*** Entries supplied

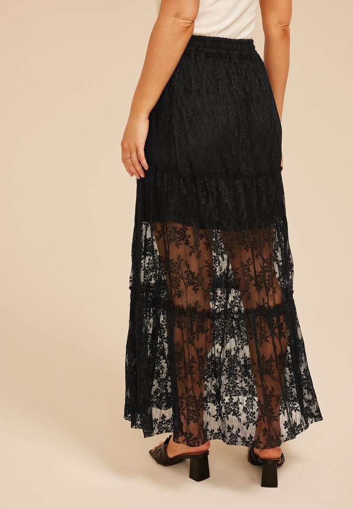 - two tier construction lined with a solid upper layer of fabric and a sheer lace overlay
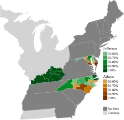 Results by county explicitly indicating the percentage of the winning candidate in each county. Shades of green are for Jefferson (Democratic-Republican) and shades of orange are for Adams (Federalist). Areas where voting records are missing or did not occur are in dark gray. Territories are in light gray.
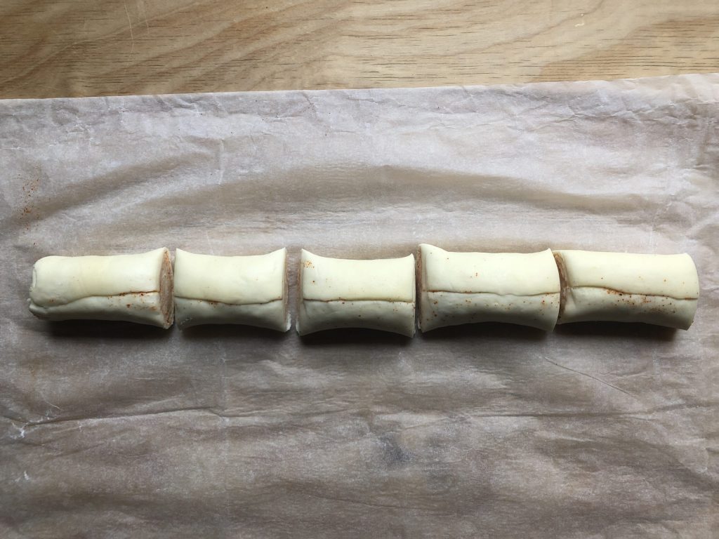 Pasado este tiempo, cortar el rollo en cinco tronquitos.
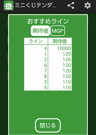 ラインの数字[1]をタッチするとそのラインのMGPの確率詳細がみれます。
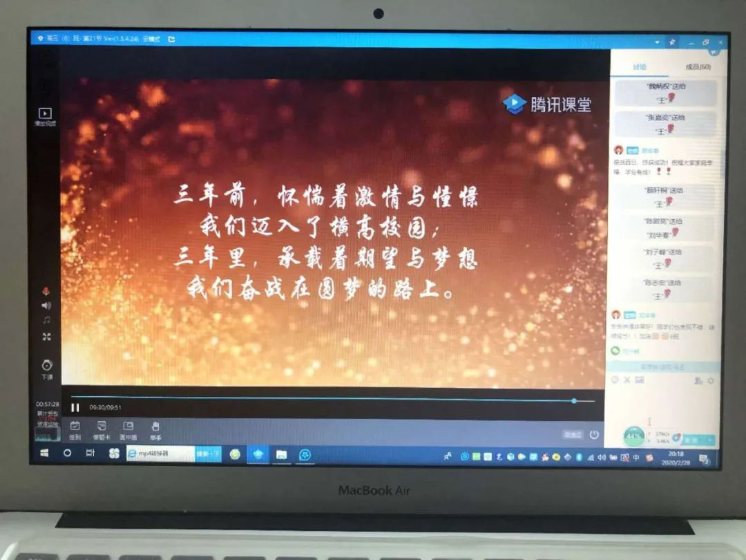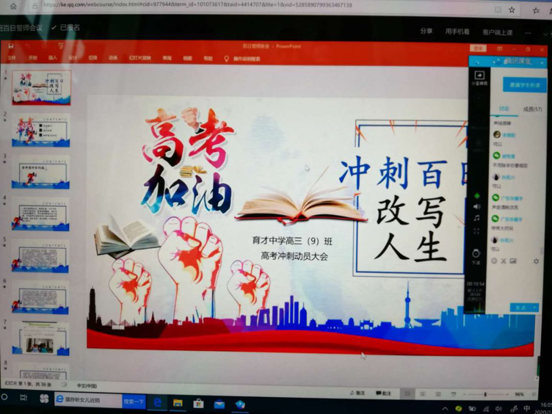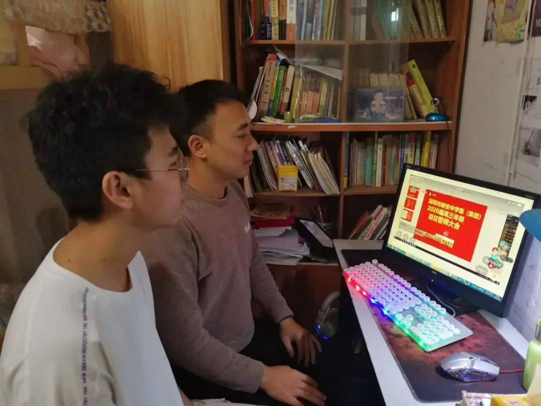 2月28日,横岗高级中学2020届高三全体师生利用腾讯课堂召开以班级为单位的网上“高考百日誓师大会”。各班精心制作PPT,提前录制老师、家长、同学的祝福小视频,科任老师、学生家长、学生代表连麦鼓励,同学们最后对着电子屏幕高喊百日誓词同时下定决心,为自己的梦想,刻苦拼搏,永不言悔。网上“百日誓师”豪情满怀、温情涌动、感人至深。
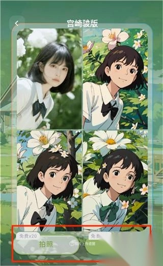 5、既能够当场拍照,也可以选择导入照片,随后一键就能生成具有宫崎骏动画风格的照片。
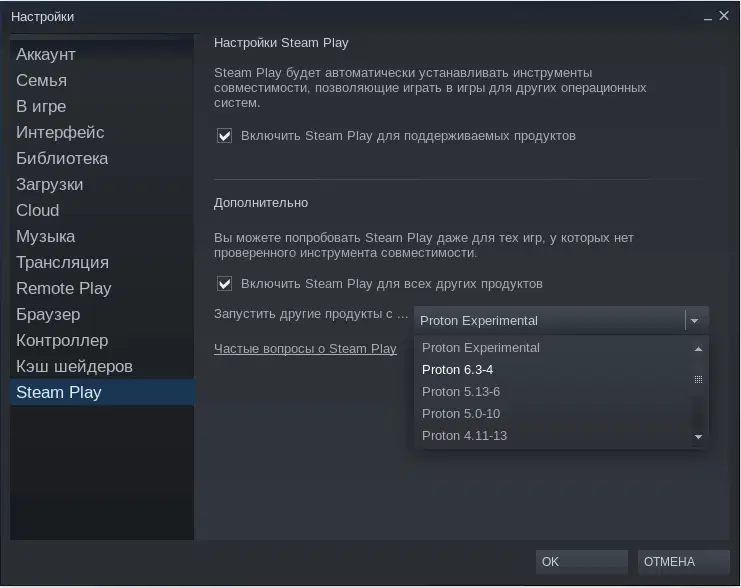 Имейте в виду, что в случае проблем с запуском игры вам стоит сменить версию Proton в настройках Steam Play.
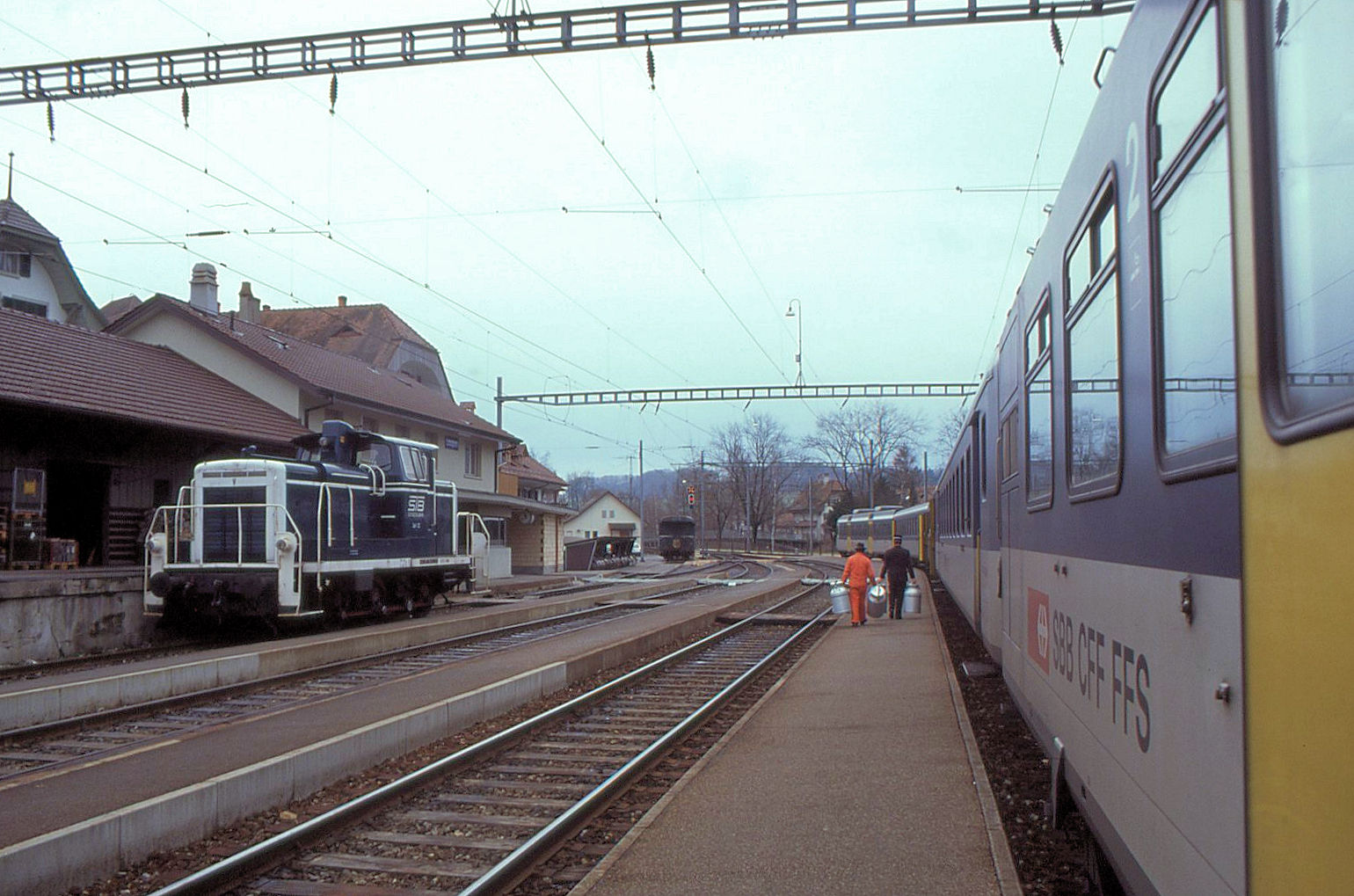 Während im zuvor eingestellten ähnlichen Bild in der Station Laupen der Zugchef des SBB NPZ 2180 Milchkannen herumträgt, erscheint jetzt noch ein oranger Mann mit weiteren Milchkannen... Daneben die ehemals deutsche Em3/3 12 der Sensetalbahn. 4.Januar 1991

******

## Work instructions
In the listing above, transcribe exactly the lines from the line containing "5、既能够当场拍照,也可以选" through the last one, both included, but not the pictures.

## Exercise solution
 5、既能够当场拍照,也可以选择导入照片,随后一键就能生成具有宫崎骏动画风格的照片。
 Имейте в виду, что в случае проблем с запуском игры вам стоит сменить версию Proton в настройках Steam Play.
 Während im zuvor eingestellten ähnlichen Bild in der Station Laupen der Zugchef des SBB NPZ 2180 Milchkannen herumträgt, erscheint jetzt noch ein oranger Mann mit weiteren Milchkannen... Daneben die ehemals deutsche Em3/3 12 der Sensetalbahn. 4.Januar 1991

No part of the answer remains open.